But wait, what's this final detail I read about the lateral frontal pole? Humans have two of them! One above and behind each eyebrow! But why would we need two consciences? Unless (my hands are shaking just writing this) they're the Good Conscience and the Bad Conscience, the angel and devil traditionally thought to reside on human shoulders, to tell us either a) it's absolutely fine to steal that money/pinch that bottom/kick that beggar; or b) it's absolutely wrong even to think about any of them.
Science has suddenly become exciting. By next week they'll probably have discovered the exact whereabouts of the soul. Can you imagine the look on Richard Dawkins's face if they did?
Beware talk of Eugene Onegin
Speaking of angry poets, did you read about the row between two friends in the Sverdlovsk district of Russia last week? A former schoolteacher, aged 53, visited his pal, 67, in the town of Irbit. They had a few drinks and discussed whether poetry or prose is the more important form in literature. Things, naturally, got heated. Is Pushkin more significant than Gogol? Things were said that should have remained unsaid. Eventually the schoolteacher whipped out a knife, stabbed his friend to death and fled. He was later captured and faces 15 years in the gulag.

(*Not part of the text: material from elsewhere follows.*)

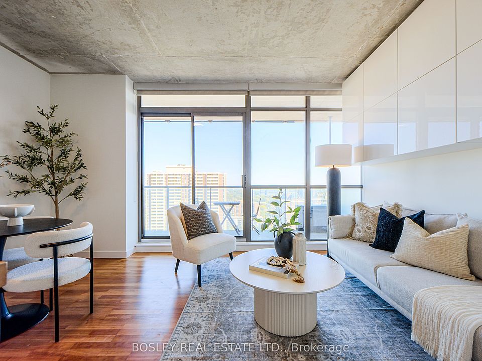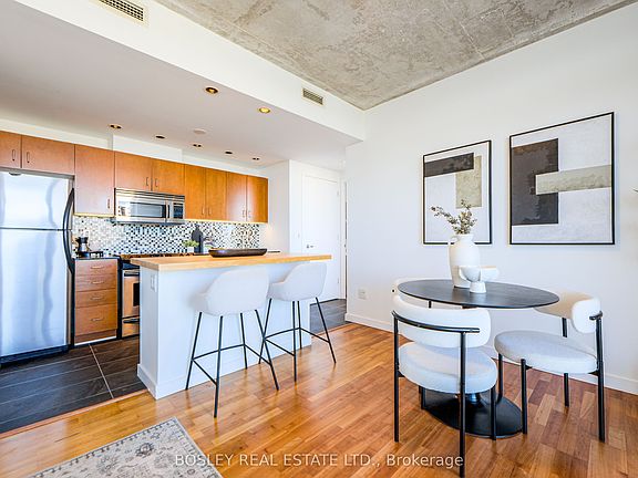 Impeccably maintained 1-bedroom corner suite at the award-winning Radio City Condominiums, offering 556 sq ft of smartly designed living with no wasted space. This bright and airy home boasts soaring 9' ceilings, floor-to-ceiling northeast-facing windows, and a spacious open balcony (96 sq ft) showcasing panoramic city views. The open-concept layout features a modern kitchen, generous living area, and thoughtful updates throughout - perfect for both everyday living and entertaining. Radio City has undergone several tasteful updates over the years, including a stunning new lobby, updated hallways and elevators, a well-equipped and bright weight room and adjacent cardio room, modern party/meeting room, landscaped entrance, and two lush courtyards. Residents benefit from 24-hour concierge service, year-round heating and cooling, bike storage, and a welcoming, pet-friendly community. Ideally located in the heart of downtown, this suite unmatched convenience with the TTC, Loblaws, Church Street, and a vibrant array of dining, shopping, and entertainment all just steps away. One underground parking space is included, making this a truly exceptional opportunity to own a piece of downtown living at its best.

What's weird is that, only last September, two men in a south Russian bar had a barney about the philosopher Immanuel Kant. They started trading blows over his categorical imperative, then one man pulled a gun and shot the other, though not fatally. Jeez, these Russians. I hope that, amid the delicate talks on the future of Ukraine, neither Mr Klitschko nor the President starts quoting from Eugene Onegin, or it'll be fire extinguishers all over the civic chamber.